Escape the Vape Youth Video Contest Returns for 2022 | From Minnesota Department of Health
Students to educate peers on the harms of e-cigarette use.
January 5, 2022
Escape the Vape, a youth vaping prevention video contest, is coming back for 2022. Minnesota middle and high school students are invited to create and submit a 30-second public service announcement (PSA) video to educate their peers on the dangers of e-cigarette use, also known as vaping. Submissions will be entered into a competition for cash prizes for both students and their schools.
Escape the Vape is a collaboration between a broad group of Minnesota organizations who are working to reduce youth e-cigarette use. The objective of this video contest is to engage youth to use their voices and inform their peers about the dangers of vaping. The first year of the competition had more than 110 entries from high school students across the state. Contest organizers expect to double the number of entries this year by adding a middle school division.
“We believe that this contest is a crucial piece of peer-to-peer sharing regarding the dangers of vaping, including the mental and physical health harms associated with the high nicotine content in e-cigarettes,” explained Elyse Levine Less, Executive Director of Tobacco-Free Alliance and one of the contest organizers.
The 2020 Minnesota Youth Tobacco Survey (MYTS) revealed that one in five Minnesota high school students reported having vaped in the past 30 days.
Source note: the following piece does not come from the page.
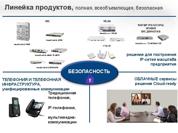 «Конструктор» Omni. PCX Enterprise Логические элементы и ПО Alcatel Omni. Vista 8770 -- управление Open. Touch – система мультимедиакоммуникаций Серверы и ПО Call Server Media Gateways IP CS Crystal RM 1 Alcatel Application Partner Program ЦОВ Omni. Touch/Altitude Appliance Server (INTELbased) RM 3 Виртуализация (VMware) M 2 M 3 IP – инфраструктура Терминалы Все права защищены © 2018

Among middle school students, three percent reported having vaped in the past 30 days.
“Even more troubling, 70 percent of these kids are showing signs of nicotine dependence- like intolerable cravings, and 63 percent are having trouble quitting,” said Sharrilyn Helgertz, PhD, data scientist and MYTS administrator for the Minnesota Department of Health. “However, we’re encouraged to also find that half of students who use e-cigarettes want help to quit.” Minnesota teens can get free help to quit from My Life, My QuitTM by texting “Start” to 36072 or visiting MyLifeMyQuit.com.
More than 2 million U.S. youth are using e-cigarettes, also called vaping, according to the 2021 National Youth Tobacco Survey. Flavored commercial tobacco products appeal to youth. E-cigarettes come in thousands of flavors, and teens who use flavored e-cigarettes are more likely to keep using them. Recent data show that 8 out of 10 youth who use e-cigarettes use flavored products.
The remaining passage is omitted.